Viveve的双能量技术已经证明了在非侵入性、无痛和舒适的办公室程序中激活成纤维细胞和启动组织中的胶原形成的能力。当将该技术应用于尿路周围区域时,该技术独特的作用机制可能会加强和改善结缔组织的功能,改善阴道结构完整性,并减少导致女性SUI的尿路过度活动。
About Viveve
关于Viveve
Viveve Medical, Inc. (Viveve), is a women's health company focused on the treatment of female SUI. Based in Englewood, Colorado, the Company is conducting a pivotal U.S. clinical trial called PURSUIT, using its novel, dual-energy treatment for SUI in women. The internationally patented Viveve® System incorporates Cryogen-cooled Monopolar Radiofrequency technology to uniformly provide an endovaginal treatment that is non-ablative. In the U.S., the Viveve System is cleared by the Food and Drug Administration (FDA) for use in general surgical procedures for electrocoagulation and hemostasis. International regulatory approvals and clearances have been received for vaginal laxity and/or improvement in sexual function and/or urinary incontinence. Viveve's current commercial and market development efforts focus on the U.S. and Asia Pacific regions targeting urogynecology, urology, and gynecology core specialties.
Viveve Medical,Inc.(Viveve)是一家专注于治疗女性SUI的女性保健公司。总部设在科罗拉多州恩格尔伍德的该公司正在进行一项名为PROCESS的关键美国临床试验,使用其新颖的双能量疗法治疗女性SUI。获得国际专利的Viveve®系统结合了制冷剂冷却单极射频技术,以统一提供非消融性的阴道内治疗。在美国,Viveve系统被食品和药物管理局(FDA)批准用于电凝和止血的普通外科程序。对于阴道松弛和/或性功能和/或尿失禁的改善,已获得国际监管部门的批准和许可。Viveve目前的商业和市场开发工作主要集中在美国和亚太地区,目标是泌尿外科、泌尿外科和妇科核心专业。
Viveve received FDA approval of its Investigational Device Exemption (IDE) application to conduct the multicenter, randomized, double-blinded, sham-controlled PURSUIT trial for improvement of SUI in women in July 2020, and FDA approval of its requested IDE protocol amendments in December 2020. The clinical trial was initiated in January 2021, and completion of subject enrollment was announced on December 14, 2021. Completion of subject follow-up visits is anticipated by the end of 2022, and topline results will be reported shortly thereafter.
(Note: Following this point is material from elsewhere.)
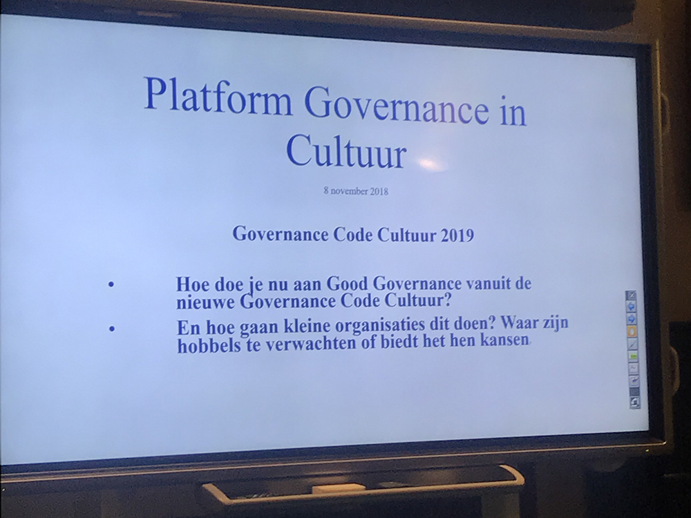 Platform Governance in Cultuur biedt maatwerk. Naast Tuinkamersessies en de Klankbordrol kunt u ons benaderen voor begeleiding zelfevaluatie of specifiek advies. Ook geven wij workshops over de toepassing van de Governance Code Cultuur 2019 binnen culturele instellingen.

If positive, results from the PURSUIT clinical trial may support a new SUI indication in the U.S.
Viveve于2020年7月获得FDA批准其研究设备豁免(IDE)申请,以进行改善女性SUI的多中心、随机、双盲、假对照追踪试验,并于2020年12月获得FDA批准其请求的IDE协议修正案。临床试验于2021年1月启动,2021年12月14日宣布完成受试者招募。预计在2022年底之前完成主题后续访问,不久之后将报告背线结果。如果呈阳性,PREQUESS临床试验的结果可能支持美国新的SUI适应症。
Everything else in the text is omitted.